🤖 AI Summary
Existing text-driven human motion generation methods lack fine-grained, part-level annotations, making it difficult to achieve independent control over individual body parts. To address this limitation, this work introduces the first high-quality motion dataset annotated with atomic-level, temporally aware textual descriptions for each body part, and proposes FrankenMotion—a novel diffusion-based framework that leverages structured, part-level text prompts to enable dual controllability over both spatial (body parts) and temporal (atomic actions) dimensions of motion synthesis. Experimental results demonstrate that FrankenMotion significantly outperforms all adapted and retrained baseline models under this new setting and is capable of composing complex motions not observed during training.
📝 Abstract
Human motion generation from text prompts has made remarkable progress in recent years. However, existing methods primarily rely on either sequence-level or action-level descriptions due to the absence of fine-grained, part-level motion annotations. This limits their controllability over individual body parts. In this work, we construct a high-quality motion dataset with atomic, temporally-aware part-level text annotations, leveraging the reasoning capabilities of large language models (LLMs). Unlike prior datasets that either provide synchronized part captions with fixed time segments or rely solely on global sequence labels, our dataset captures asynchronous and semantically distinct part movements at fine temporal resolution.

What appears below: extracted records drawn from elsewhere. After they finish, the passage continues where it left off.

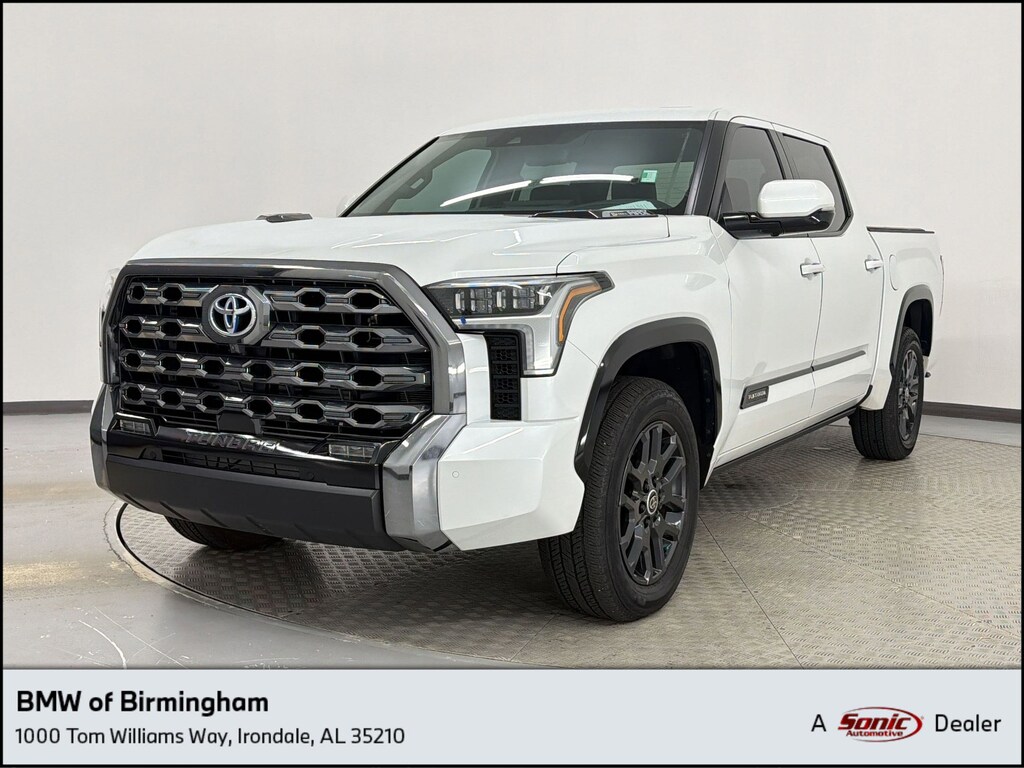 This 2024 Toyota Tundra Platinum Hybrid comes complete with features such as 4WD, Navigation System, Blind Spot Monitor, Front Collision Mitigation, Cross-Traffic Alert, Lane Departure Warning, Lane Keeping Assist, Aerial View Display, Back-Up Camera, Adaptive Cruise Control with Steering Assist, Panoramic Roof, Heated Steering Wheel, Heated/Cooled Front Seats, and much more! This is a One Owner Clean Carfax vehicle. No hassles. No worries. Peace of mind. At BMW of Birmingham! You will be able to purchase your next vehicle with confidence. In each vehicle you will find a folder containing a vehicle reconditioning report, pricing analysis, available warranty options, general vehicle options, and a CARFAX vehicle history. You will not find this level of transparency from any other dealer while purchasing your next vehicle! No detail is too small in our pursuit to offer you quality vehicles at the best prices and with exceptional customer service. Please verify any information in question with BMW of Birmingham. Chat, email, or call to schedule your VIP test drive and experience the difference for yourself at BMW of Birmingham!
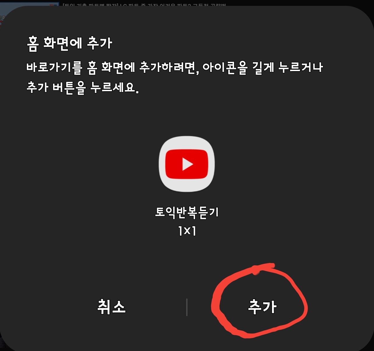 박장로님이 묻는다. 토익 공부를 하는데 유튜브 반복 재생을 홈 화면에 추가할 수 없겠냐고.
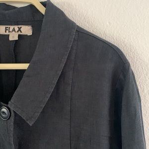 Flax 100% Linen Lagenlook Jacket/ Blouse/ Blazer Size S Black Button Down Shirt
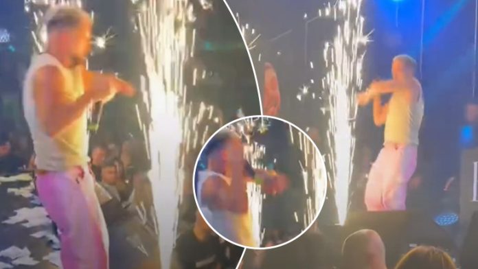 Pritje e ekzagjeruar për Gjestin në koncertin e parë pas daljes, fituesi i BBVA për pak sa nuk digjet nga fishekzjarret në skenë
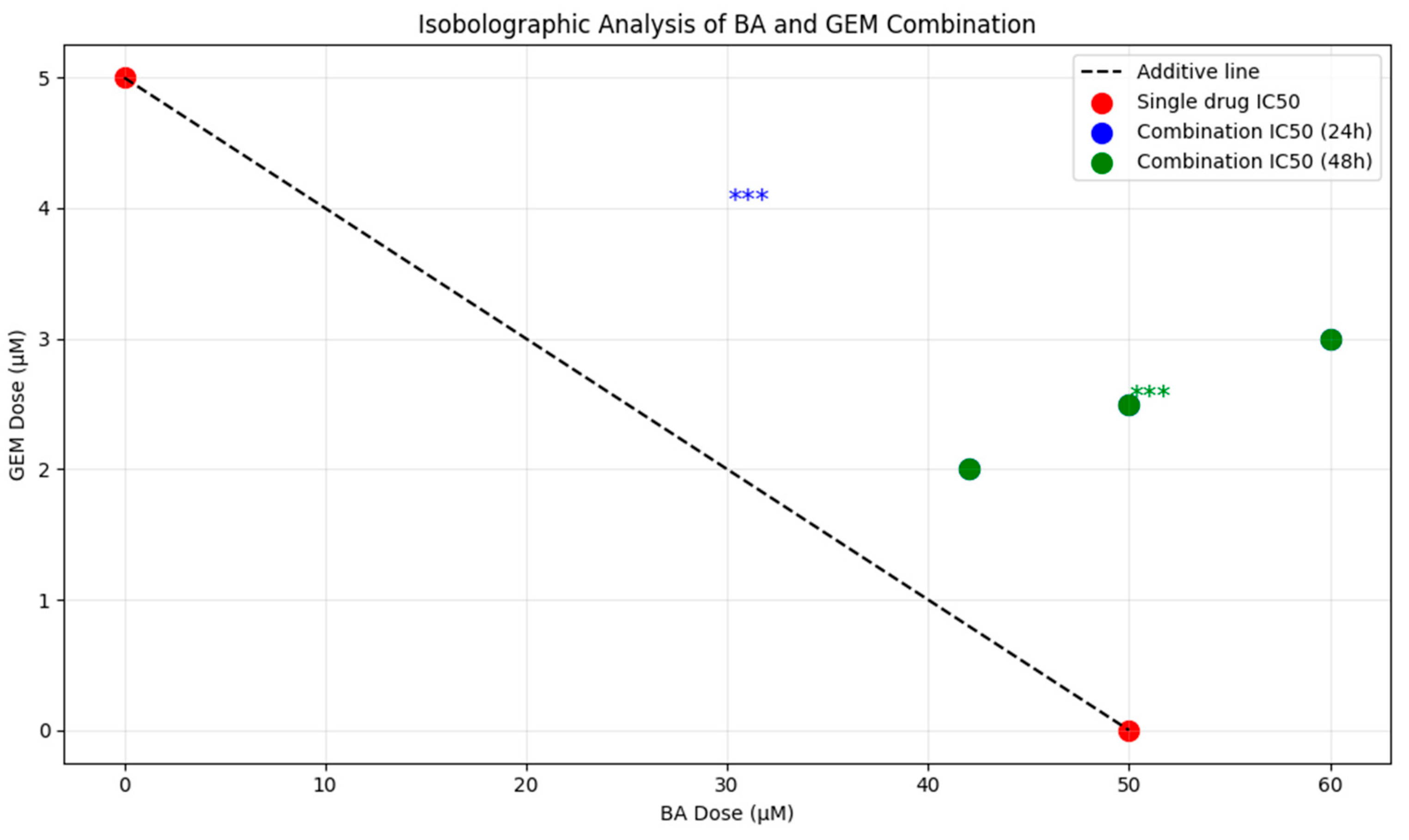 Drug interaction effects between BA and GEM were evaluated using the Chou–Talalay method. Combination index (CI) values were calculated based on the median-effect equation with CompuSyn software version 1.0 (ComboSyn Inc., Paramus, NJ, USA). CI < 1.0 indicated synergism, CI = 1.0 indicated additivity, and CI > 1.0 indicated antagonism. Isobologram plots were generated to visualize the nature of the drug interactions.
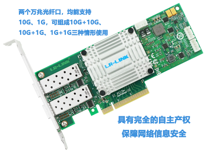 聯(lián)瑞LRES1002PF-2SFP+國產的具有自主知識產權的萬兆以太網(wǎng)卡,在速率支持上可靈活地按實際使用需求采用10G+10G、10G+1G、1G+1G等三種速率進行工作,滿足更多的使用需求。同時還可以兼容市面上幾乎所有的光纖模塊使用,具有廣泛的兼容性。
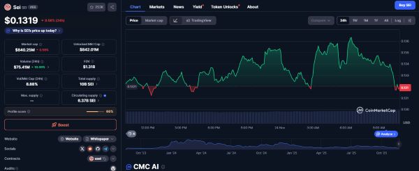 The market opened today with Sei trading at $0.1319, reflecting cautious sentiment across mid-cap altcoins. The token is currently 0.58% down in the past 24 hours, following a broader cooldown in trading activity.

Based on this dataset, we introduce a diffusion-based part-aware motion generation framework, namely FrankenMotion, where each body part is guided by its own temporally-structured textual prompt. This is, to our knowledge, the first work to provide atomic, temporally-aware part-level motion annotations and have a model that allows motion generation with both spatial (body part) and temporal (atomic action) control. Experiments demonstrate that FrankenMotion outperforms all previous baseline models adapted and retrained for our setting, and our model can compose motions unseen during training. Our code and dataset will be publicly available upon publication.